» WHAT YOU ARE ASKED TO DO:
Leaving the pictures aside, transcribe every line below exactly.

(Records from a data collection)
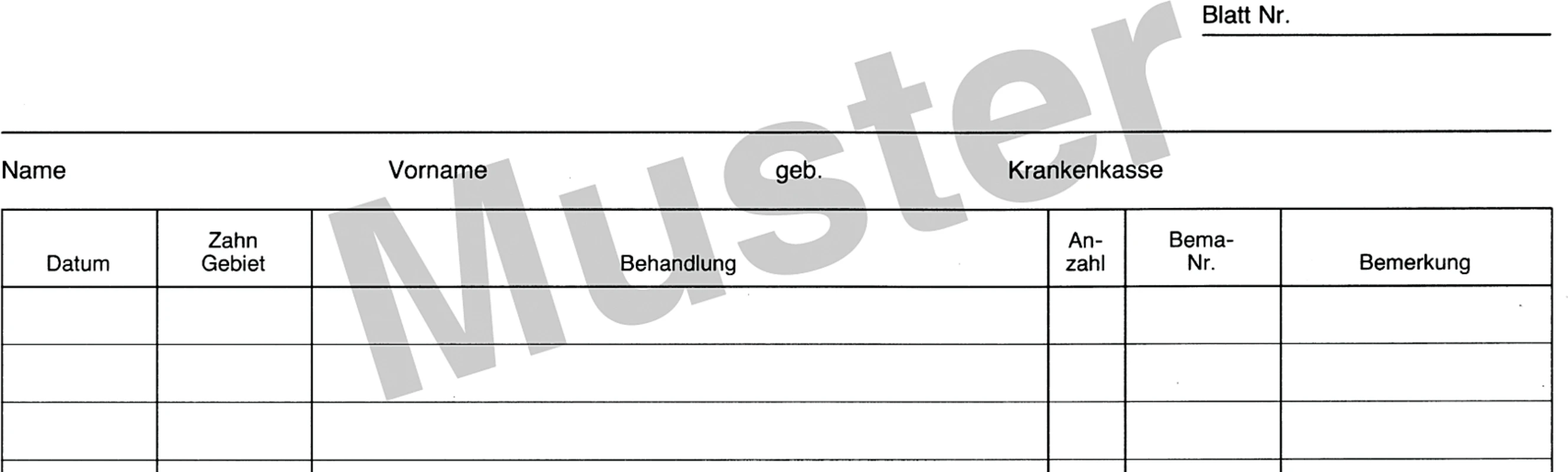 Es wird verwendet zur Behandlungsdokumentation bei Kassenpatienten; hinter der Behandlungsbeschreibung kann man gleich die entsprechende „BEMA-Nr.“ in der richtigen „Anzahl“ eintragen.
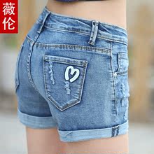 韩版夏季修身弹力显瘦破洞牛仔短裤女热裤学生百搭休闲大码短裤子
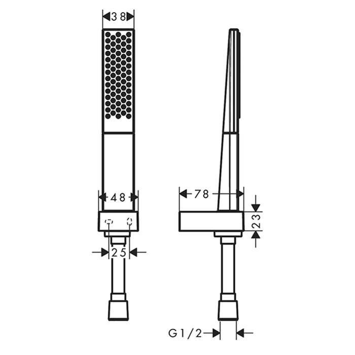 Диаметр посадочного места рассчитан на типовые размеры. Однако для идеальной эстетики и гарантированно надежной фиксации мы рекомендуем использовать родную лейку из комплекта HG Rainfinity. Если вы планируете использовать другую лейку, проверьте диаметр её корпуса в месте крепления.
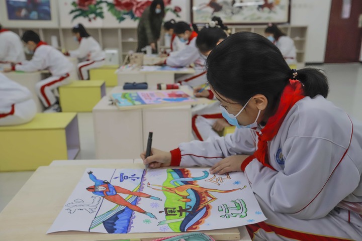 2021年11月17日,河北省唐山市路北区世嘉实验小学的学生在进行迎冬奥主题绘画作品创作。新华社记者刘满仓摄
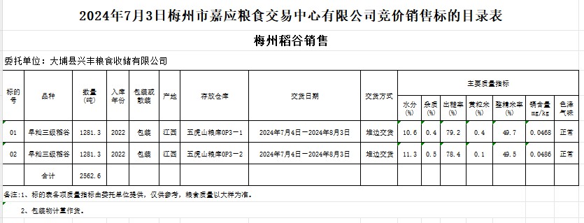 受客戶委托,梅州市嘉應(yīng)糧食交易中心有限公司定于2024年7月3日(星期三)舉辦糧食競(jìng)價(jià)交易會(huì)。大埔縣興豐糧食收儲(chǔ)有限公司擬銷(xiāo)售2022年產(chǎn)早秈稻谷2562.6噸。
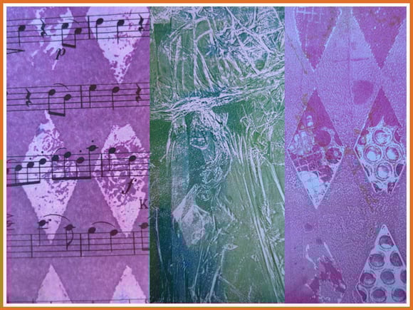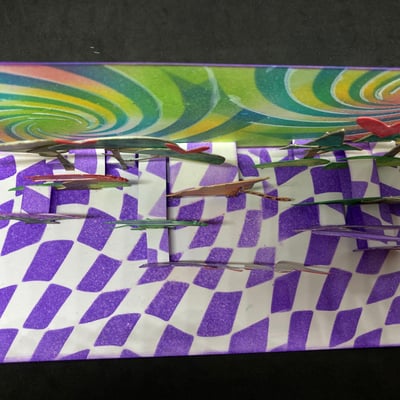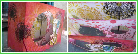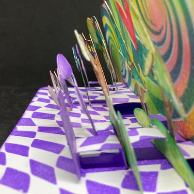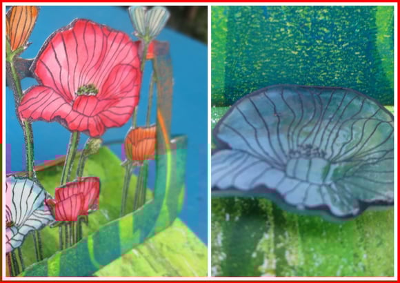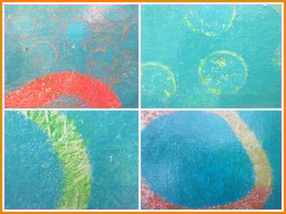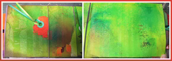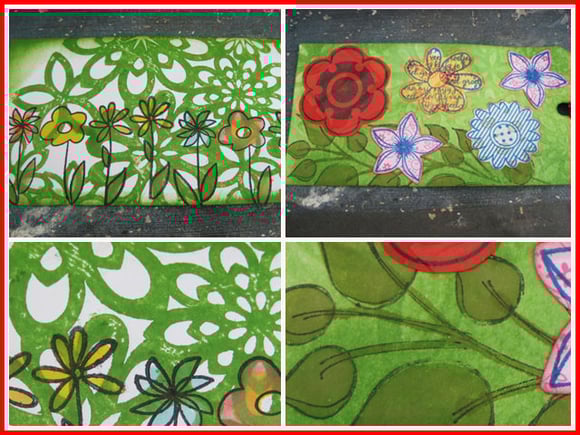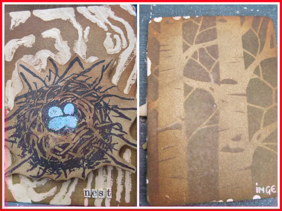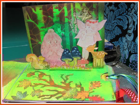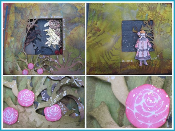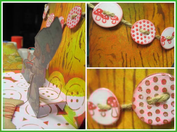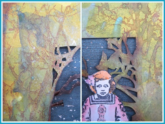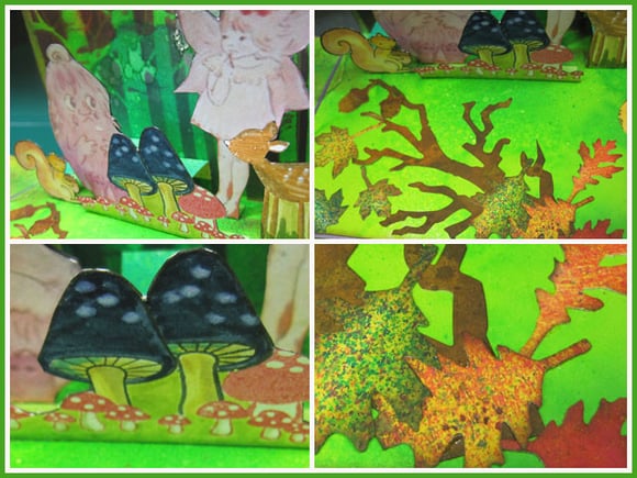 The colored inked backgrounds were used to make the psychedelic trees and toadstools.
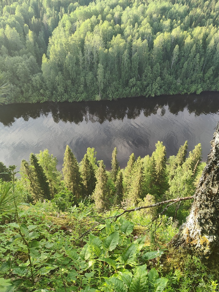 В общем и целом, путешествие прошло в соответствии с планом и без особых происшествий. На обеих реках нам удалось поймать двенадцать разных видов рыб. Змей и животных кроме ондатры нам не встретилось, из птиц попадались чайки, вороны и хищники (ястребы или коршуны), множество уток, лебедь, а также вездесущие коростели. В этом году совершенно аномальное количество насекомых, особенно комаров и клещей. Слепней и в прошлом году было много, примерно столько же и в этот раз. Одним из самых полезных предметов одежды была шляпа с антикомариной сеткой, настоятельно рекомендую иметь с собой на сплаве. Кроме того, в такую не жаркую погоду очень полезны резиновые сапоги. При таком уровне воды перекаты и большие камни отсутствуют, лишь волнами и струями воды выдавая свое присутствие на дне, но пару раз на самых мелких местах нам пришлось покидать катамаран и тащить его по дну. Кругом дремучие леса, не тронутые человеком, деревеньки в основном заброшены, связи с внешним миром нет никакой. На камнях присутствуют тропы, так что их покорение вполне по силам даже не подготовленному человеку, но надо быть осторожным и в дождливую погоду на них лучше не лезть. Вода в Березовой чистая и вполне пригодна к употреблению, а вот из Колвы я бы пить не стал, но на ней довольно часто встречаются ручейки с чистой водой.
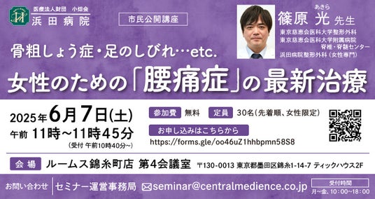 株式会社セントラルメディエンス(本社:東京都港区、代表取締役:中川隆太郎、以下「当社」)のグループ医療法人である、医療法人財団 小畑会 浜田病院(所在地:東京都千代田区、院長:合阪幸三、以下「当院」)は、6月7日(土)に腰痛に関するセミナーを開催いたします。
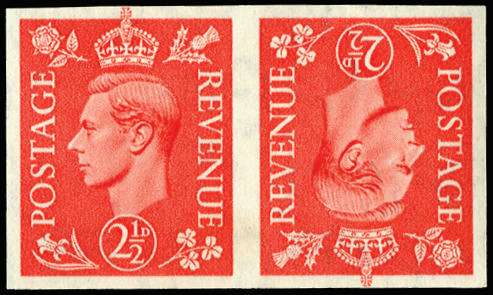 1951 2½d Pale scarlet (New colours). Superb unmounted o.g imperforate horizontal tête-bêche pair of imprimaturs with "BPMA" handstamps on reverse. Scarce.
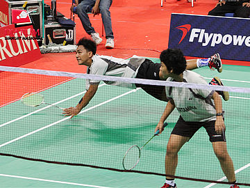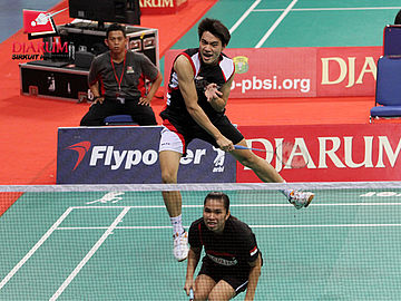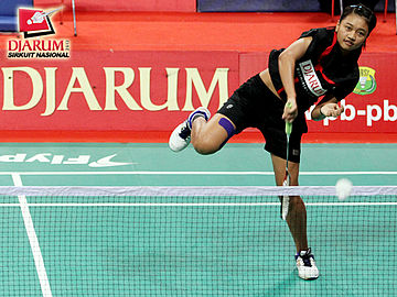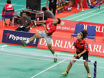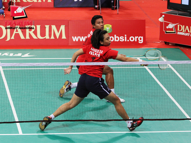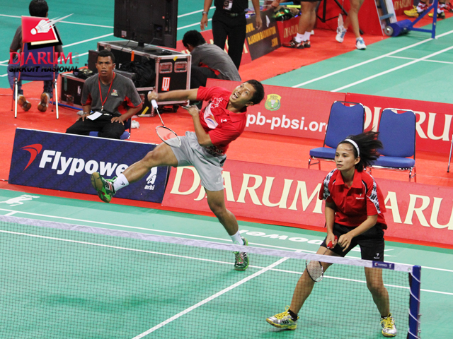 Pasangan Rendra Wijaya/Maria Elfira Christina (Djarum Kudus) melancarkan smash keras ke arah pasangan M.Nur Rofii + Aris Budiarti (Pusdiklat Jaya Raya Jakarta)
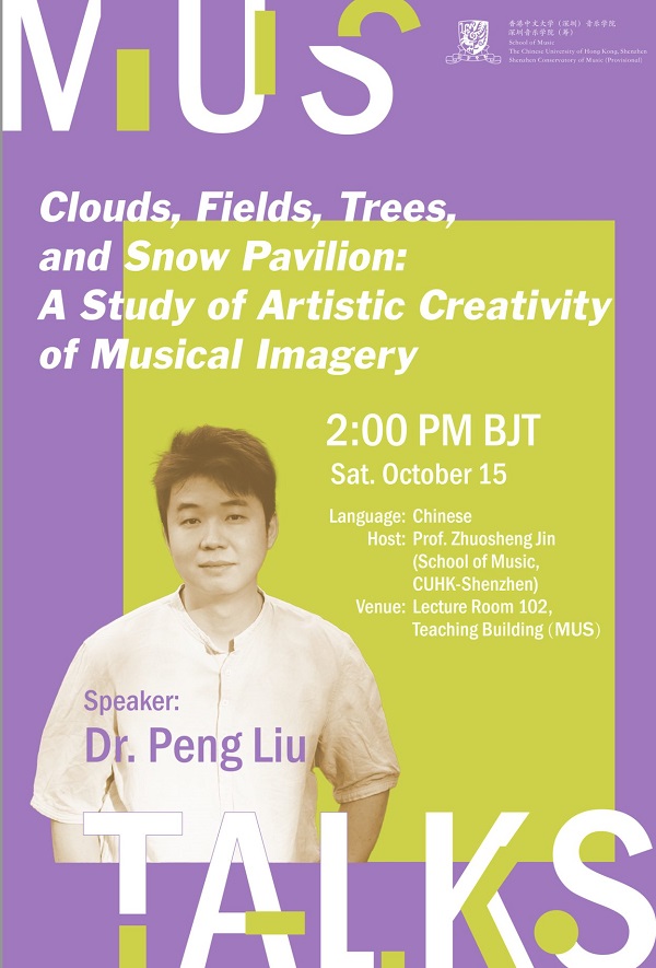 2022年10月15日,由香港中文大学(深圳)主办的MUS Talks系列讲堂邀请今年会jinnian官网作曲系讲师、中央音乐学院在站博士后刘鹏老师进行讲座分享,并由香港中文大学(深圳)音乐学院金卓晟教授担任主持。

» ANSWER SECTION:
 Es wird verwendet zur Behandlungsdokumentation bei Kassenpatienten; hinter der Behandlungsbeschreibung kann man gleich die entsprechende „BEMA-Nr.“ in der richtigen „Anzahl“ eintragen.
 韩版夏季修身弹力显瘦破洞牛仔短裤女热裤学生百搭休闲大码短裤子
 Диаметр посадочного места рассчитан на типовые размеры. Однако для идеальной эстетики и гарантированно надежной фиксации мы рекомендуем использовать родную лейку из комплекта HG Rainfinity. Если вы планируете использовать другую лейку, проверьте диаметр её корпуса в месте крепления.
 2021年11月17日,河北省唐山市路北区世嘉实验小学的学生在进行迎冬奥主题绘画作品创作。新华社记者刘满仓摄
 受客戶委托,梅州市嘉應(yīng)糧食交易中心有限公司定于2024年7月3日(星期三)舉辦糧食競(jìng)價(jià)交易會(huì)。大埔縣興豐糧食收儲(chǔ)有限公司擬銷(xiāo)售2022年產(chǎn)早秈稻谷2562.6噸。
 The colored inked backgrounds were used to make the psychedelic trees and toadstools.
 В общем и целом, путешествие прошло в соответствии с планом и без особых происшествий. На обеих реках нам удалось поймать двенадцать разных видов рыб. Змей и животных кроме ондатры нам не встретилось, из птиц попадались чайки, вороны и хищники (ястребы или коршуны), множество уток, лебедь, а также вездесущие коростели. В этом году совершенно аномальное количество насекомых, особенно комаров и клещей. Слепней и в прошлом году было много, примерно столько же и в этот раз. Одним из самых полезных предметов одежды была шляпа с антикомариной сеткой, настоятельно рекомендую иметь с собой на сплаве. Кроме того, в такую не жаркую погоду очень полезны резиновые сапоги. При таком уровне воды перекаты и большие камни отсутствуют, лишь волнами и струями воды выдавая свое присутствие на дне, но пару раз на самых мелких местах нам пришлось покидать катамаран и тащить его по дну. Кругом дремучие леса, не тронутые человеком, деревеньки в основном заброшены, связи с внешним миром нет никакой. На камнях присутствуют тропы, так что их покорение вполне по силам даже не подготовленному человеку, но надо быть осторожным и в дождливую погоду на них лучше не лезть. Вода в Березовой чистая и вполне пригодна к употреблению, а вот из Колвы я бы пить не стал, но на ней довольно часто встречаются ручейки с чистой водой.
 株式会社セントラルメディエンス(本社:東京都港区、代表取締役:中川隆太郎、以下「当社」)のグループ医療法人である、医療法人財団 小畑会 浜田病院(所在地:東京都千代田区、院長:合阪幸三、以下「当院」)は、6月7日(土)に腰痛に関するセミナーを開催いたします。
 1951 2½d Pale scarlet (New colours). Superb unmounted o.g imperforate horizontal tête-bêche pair of imprimaturs with "BPMA" handstamps on reverse. Scarce.
 Pasangan Rendra Wijaya/Maria Elfira Christina (Djarum Kudus) melancarkan smash keras ke arah pasangan M.Nur Rofii + Aris Budiarti (Pusdiklat Jaya Raya Jakarta)
 2022年10月15日,由香港中文大学(深圳)主办的MUS Talks系列讲堂邀请今年会jinnian官网作曲系讲师、中央音乐学院在站博士后刘鹏老师进行讲座分享,并由香港中文大学(深圳)音乐学院金卓晟教授担任主持。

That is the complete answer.